Sometimes, expectations can create all sorts of problems, even for the top-ranked player in women’s golf.
Yani Tseng knows from experience.
With five majors already won and having captured the LPGA Tour Player of the Year award for the second straight year, wrapping it up with four events still on last year’s calendar, Tseng went into the off-season somewhat awestruck at what she had accomplished in such a short time and what the future might hold.
Photo: AFP
“At the beginning of this year, I was putting so much pressure [on myself], the most pressure I’ve ever had in my whole life,” said Tseng, who turned pro in 2007 and joined the tour full-time the next year. “In January, I would just stay home. I wouldn’t go out. It was no fun.”
It did not take long for that to change. After celebrating her 23rd birthday in late January, the Taiwanese star won Thailand for the second straight time and has remained atop the world rankings, a near cinch to win player of the year again.
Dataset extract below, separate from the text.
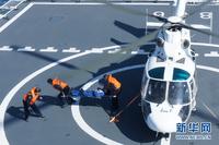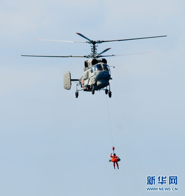 搜救直升機(jī)營救“落水人員”。孫利 攝 圖片來源:新華網(wǎng)
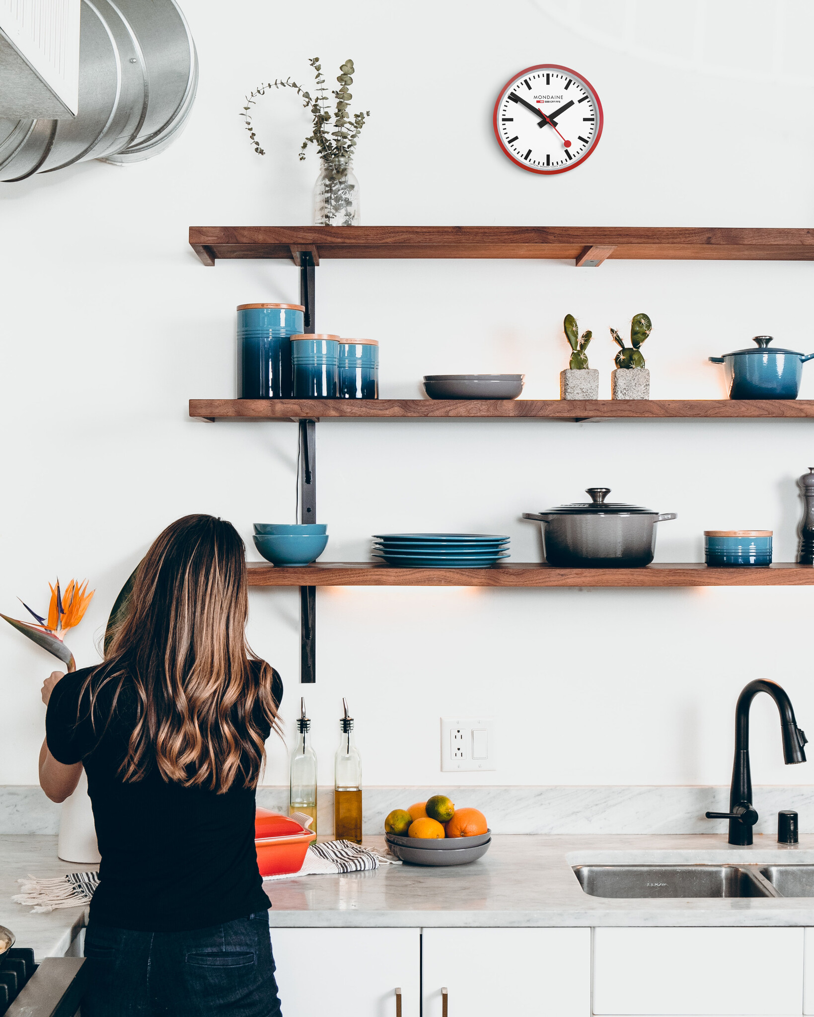 Deze Swiss Railway design Wandklok van Mondaine is rood en heeft een diameter van 25 cm. De secondewijzer met het kenmerkende rode bolletje glijdt gladjes de minuut door. Het uurwerk loopt op 1AA batterij (niet meegeleverd).

“I don’t feel as much pressure [now], but the people around me, they say ... I’m getting picky, I want to try to be perfect all the time,” Tseng said. “But that’s not me. The more relaxed I am, the better I play. The week of Thailand, the second week, I kind of calmed down a little bit. That week ... was huge for me. After Thailand, I know that I can still keep the momentum going. At the beginning of this year, I was afraid. I didn’t know if I could do it again.”
Not much to worry about. Tseng won three of the first five events on this year’s LPGA Tour, leads the player of the year rankings by a wide margin over Yoo Sun-young and Stacy Lewis, and enters this week’s LPGA Championship at Locust Hill Country Club as the defending champion.
“I didn’t expect this. When I win the first [major], I never thought I’m going to win a second major,” said Tseng, who finished third in the first major this year, the Kraft Nabisco Championship, just one shot out of a playoff. “I never thought about winning five. I never think about it, but now I’m thinking I can win more, of course.”
Tseng’s meteoric rise has made her the latest face of women’s golf, and she has embraced the demands that go with it.
“She’s been accessible, available and the ambassador at every turn,” LPGA Tour chief communications officer Kraig Kann said. “Every opportunity we’ve given her that we feel like is one that she needs to do, she’s done. You can’t do everything, but I am so impressed with how she carries herself. She’s not afraid, she’s not intimidated ... She’s not afraid to communicate the message. She understands that if she’s going to be No. 1 in the world, she needs to be that face out front. She needs to be engaging with the fans. She doesn’t shy away from anything.”
And that is why the fans who swarm to Locust Hill every year treat her as one of their own. Tseng ran away with last year’s LPGA Championship, winning by 10 shots over Morgan Pressel and Cindy LaCrosse.
“Last year, when I walked on the 18th hole — I’m pretty emotional — the crowd was amazing,” Tseng said. “Everybody stand up and clapped for me. I was like, I don’t know for what because I’m not American.”
That victory made Tseng the youngest female golfer in history to win four major titles. Winning again will be a challenge if she continues to falter, as she has in her past two tournaments. In the Sybase Match Play Championship, she was knocked out in the round-of-16, and last week she finished tied for 12th at the ShopRite LPGA Classic won by Lewis.